Pre-booking is essential and encourages customers to pre-order. This means you can order appropriate quantities to avoid waste. As part of a Valentine’s set menu, you could include a cocktail or glass of fizz.
Include a sharing menu for romantic couples to enjoy, without the worry of the Covid-19 risk. For starters, a meze or tapas-style course, followed by a sharing steak with a bowl of chips or dish of dauphinoise potatoes.
Round off the meal with heart-shaped meringues layered with Chantilly cream and fruit, or chocolate brownies cut into hearts and a scoop of ice cream.
Valentine’s is an ideal occasion to upsell on drinks. Offer some different options to excite customers, such as Tequila Rose. It’s a strawberry cream liqueur with tequila and tastes fantastic on its own as after dinner shots or in a Pink Russian. Try this Valentine’s special cocktail with ice cream and coconut.

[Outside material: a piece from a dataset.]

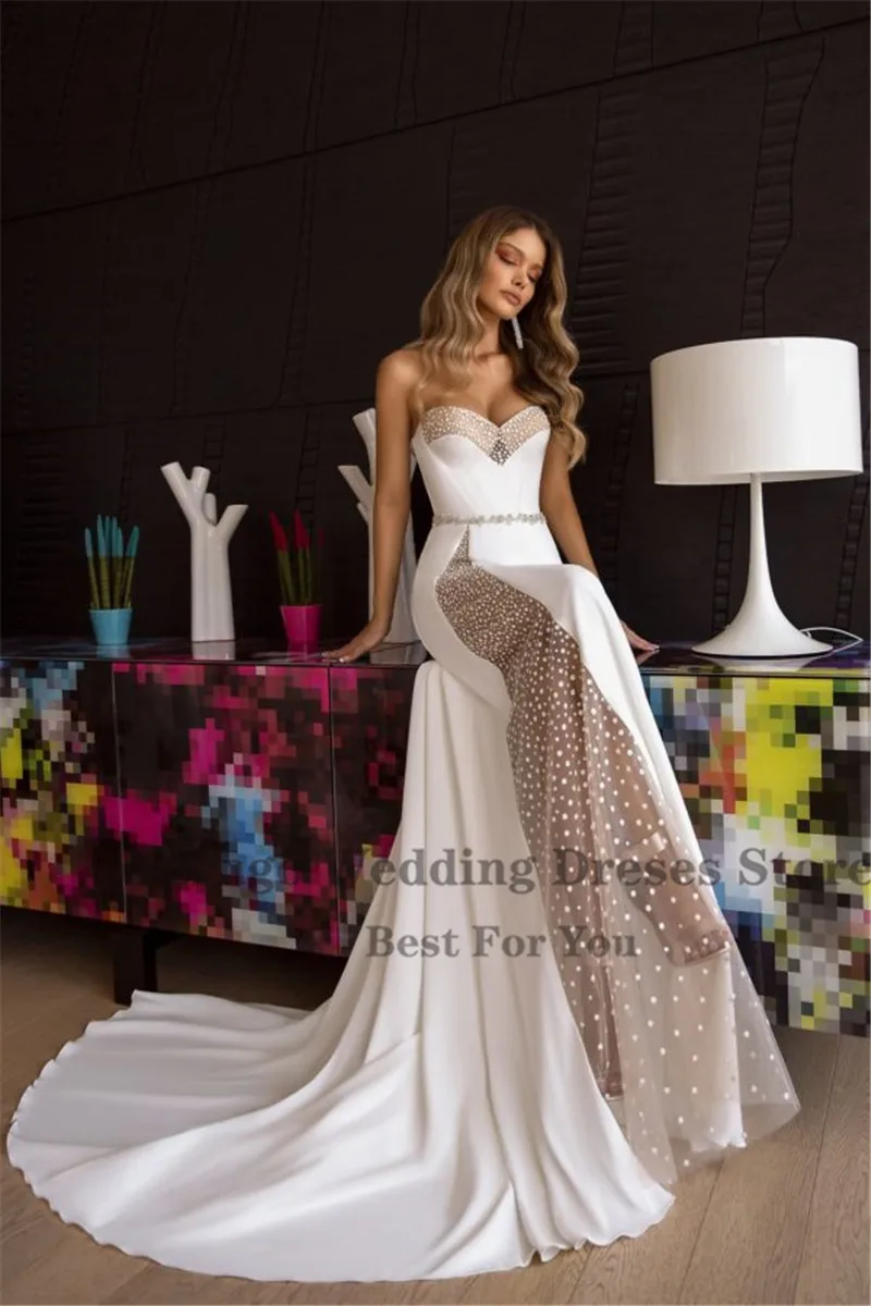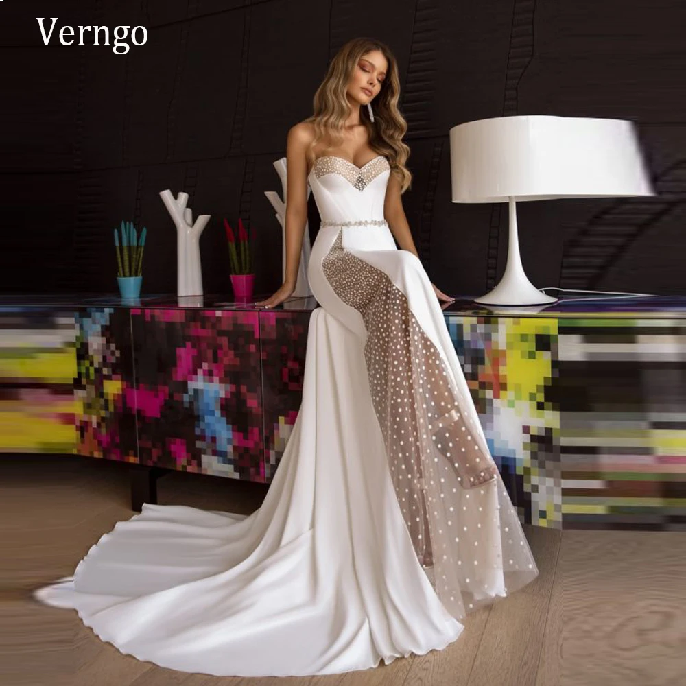 Verngo свадебное платье русалки 2020 милое шифоновое атласное простое свадебное платье в горошек новое длинное свадебное платье с бусинами и поясом

Another great choice is the new Bombay Bramble, Bombay Sapphire’s blackberry and raspberry gin. Serve with a plain tonic, ice and squeeze of lemon for a gorgeous twist on the G&T.
Chinese New Year
If you haven’t celebrated Chinese New Year in your venue before, make 2021 the year. It’s still one of the most popular cuisines in the UK, so a special celebration will be sure to get interest from current and new customers.
When is it?
The biggest celebration in the Chinese calendar, the New Year starts on Friday 12 February and will run until around 26 February. It’s a common misconception with Westerners that Chinese New Year is just celebrated on one day. It is, in fact, celebrated over a 2-3 week period, which means you can make a real occasion of it.
The year of the...
The Chinese zodiac animal for 2021 is the ox. So, you could get creative with ox cheeks, maybe a slow-cooked stew with star anise. Try this delicious soy braised beef or ox cheek dish.
Or try a simple steamed sea bass with Chinese five spice, ginger and garlic. Use Kikkoman Tamari Gluten Free Soy Sauce to cater for those with gluten allergies and intolerances, too.
Add some colour
Red is traditionally associated with Chinese New Year as it’s believed to keep away the bad spirits, and bring luck and good fortune. Red decorations and tableware, as well as red vegetables such as peppers will bring brilliant colour and vibrancy to your menu.
Match up your Chinese dishes with an Asian beer. A well-known full-bodied lager is Tiger – winner of 40 international awards for quality. It goes particularly well with red meat stir-fries, so it’s ideal for Year of the Ox celebrations.